Our Mission

The mission at the University of Kansas School of Engineering is to give the students a high-quality educational experience; to generate and apply knowledge through research, development and scholarly activity; and to serve society, the state of Kansas and the engineering profession.

The primary objective is to produce graduates with the technical competence to apply knowledge of mathematics, science and engineering; to identify, formulate and solve engineering problems; to design and conduct experiments, including the analysis and interpretation of data; to design a system, component or process to meet desired needs; and to use techniques, skills and modern engineering tools necessary for engineering practice.

The goals of the faculty, staff and administration are to: 

  • Serve KU Engineering students through a balanced undergraduate and graduate education program and strive to help each of them achieve their full potential.
  • Serve the state, region and country through research conducted by individual and groups of faculty researchers. Group efforts are particularly encouraged.
  • Serve the state, region and nation through professional activities, short courses and other contributions. 

Building on Excellence Initiative

​The School of Engineering has embarked on a strategic plan that leads to significant expansion while taking explicit care to maintain and improve the high-quality student programs the university is known for. The Building on Excellence Initiative is a multi-faceted approach that drives growth in facilities, faculty, leadership, research and, most important, students, as it helps industry partners find the new talent, designs and techniques they need to fuel economic growth and business success.

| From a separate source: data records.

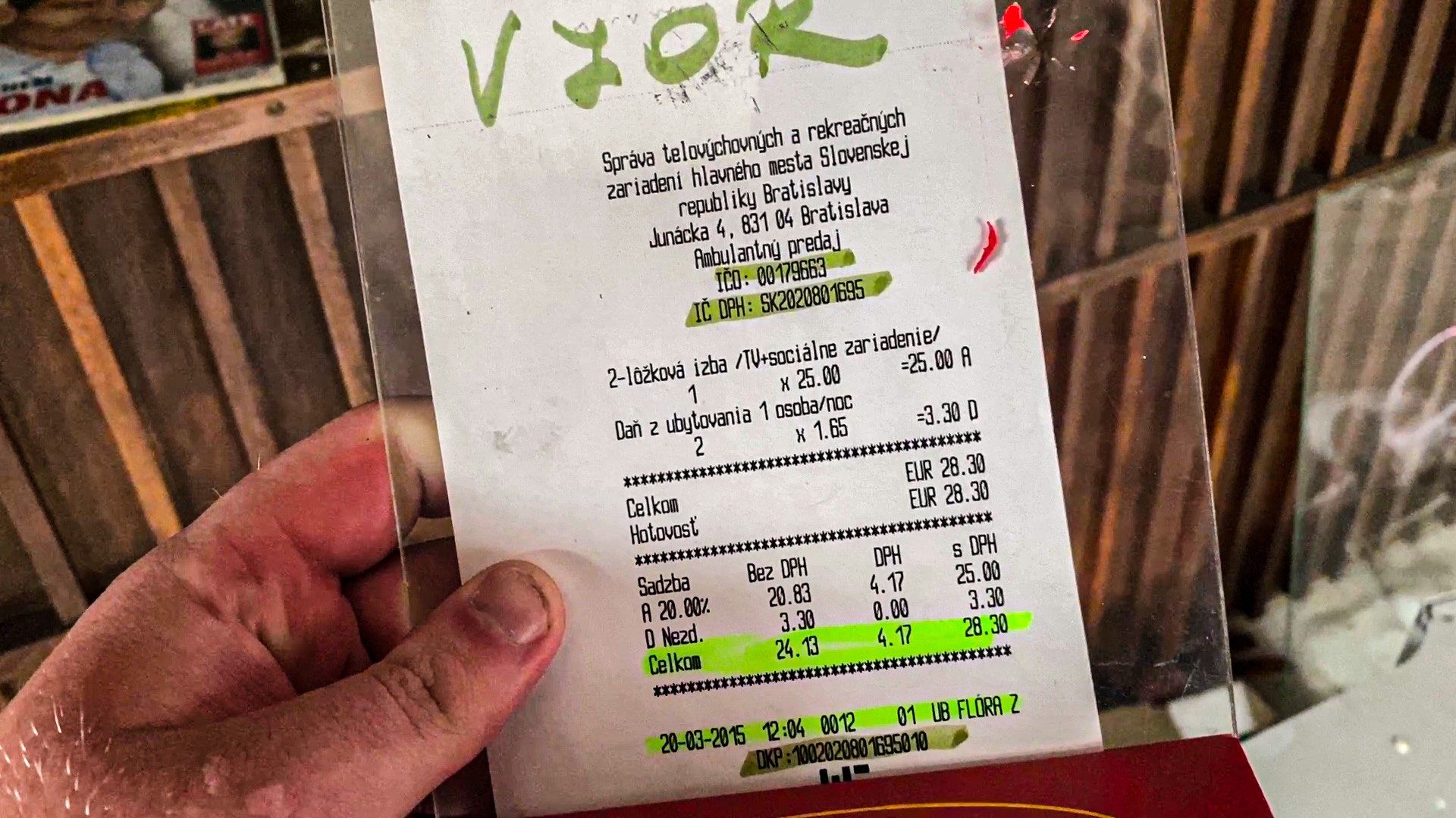 Iný pohľad do minulosti spustnutého objektu - vzor účtu za nocľah z roku 2015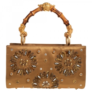 Gianfranco Ferre Gold Satin Crystal Embroidered Top Handle Bag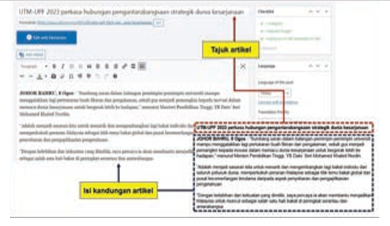 5.2.1 Pengguna boleh memuat naik tajuk artikel dan isi kandungan artikel dengan mudah menggunakan arahan copy (Ctrl + C) dan paste (Ctrl + V) seperti dalam Rajah 1.

Over the next several years, the KU School of Engineering will:

  • Increase by more than 60 percent, the number of students graduating with a bachelor's degree in engineering or computing
  • Add faculty members to match the growing enrollment and maintain the desirable student/faculty ratio of 23:1
  • Add support staff to lead expansion of student recruitment, retention and support activities, and 
  • Add facilities that address the high-tech research, classroom and office space necessary for successful expansion. The proposed buildings, constructed in phases, will increase by nearly 60 percent the amount of space available for KU School of Engineering activities and endeavors.

These endeavors tie in exceptionally well to the university's own strategic plan: Bold Aspirations.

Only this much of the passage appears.